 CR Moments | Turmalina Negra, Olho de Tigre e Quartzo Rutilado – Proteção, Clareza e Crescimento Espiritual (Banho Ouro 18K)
☆ ☆ ☆
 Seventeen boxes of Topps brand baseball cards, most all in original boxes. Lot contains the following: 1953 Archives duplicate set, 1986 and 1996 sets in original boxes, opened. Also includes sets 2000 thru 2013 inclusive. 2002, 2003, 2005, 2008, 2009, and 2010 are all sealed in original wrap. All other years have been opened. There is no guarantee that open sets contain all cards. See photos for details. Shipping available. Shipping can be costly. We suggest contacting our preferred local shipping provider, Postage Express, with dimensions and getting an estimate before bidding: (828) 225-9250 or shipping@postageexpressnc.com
☆ ☆ ☆
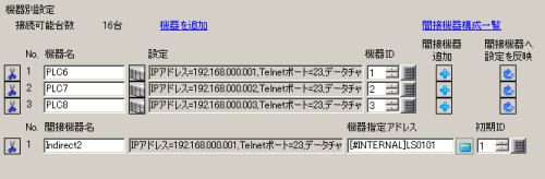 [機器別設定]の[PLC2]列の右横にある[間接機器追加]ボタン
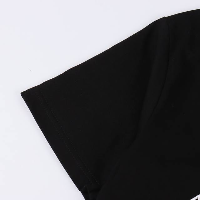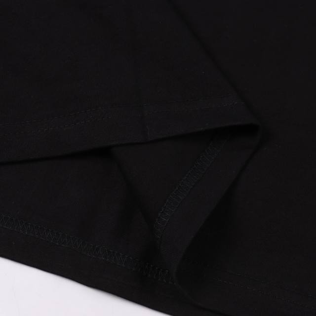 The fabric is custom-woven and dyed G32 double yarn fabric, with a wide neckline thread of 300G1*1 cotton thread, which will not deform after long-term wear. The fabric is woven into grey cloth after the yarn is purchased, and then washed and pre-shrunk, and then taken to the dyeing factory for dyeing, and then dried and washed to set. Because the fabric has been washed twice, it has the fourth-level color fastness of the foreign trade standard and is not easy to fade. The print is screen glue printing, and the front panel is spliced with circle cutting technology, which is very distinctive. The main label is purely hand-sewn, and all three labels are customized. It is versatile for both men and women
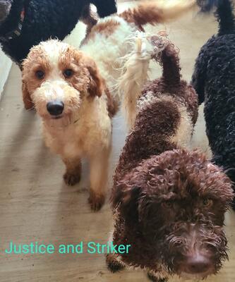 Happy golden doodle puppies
☆ ☆ ☆
__What is required__
Look above for the line containing "The fabric is custom-woven" and the line containing "Happy golden doodle puppies", then reproduce both and everything between them exactly, pictures omitted.

__Response area__
 The fabric is custom-woven and dyed G32 double yarn fabric, with a wide neckline thread of 300G1*1 cotton thread, which will not deform after long-term wear. The fabric is woven into grey cloth after the yarn is purchased, and then washed and pre-shrunk, and then taken to the dyeing factory for dyeing, and then dried and washed to set. Because the fabric has been washed twice, it has the fourth-level color fastness of the foreign trade standard and is not easy to fade. The print is screen glue printing, and the front panel is spliced with circle cutting technology, which is very distinctive. The main label is purely hand-sewn, and all three labels are customized. It is versatile for both men and women
 Happy golden doodle puppies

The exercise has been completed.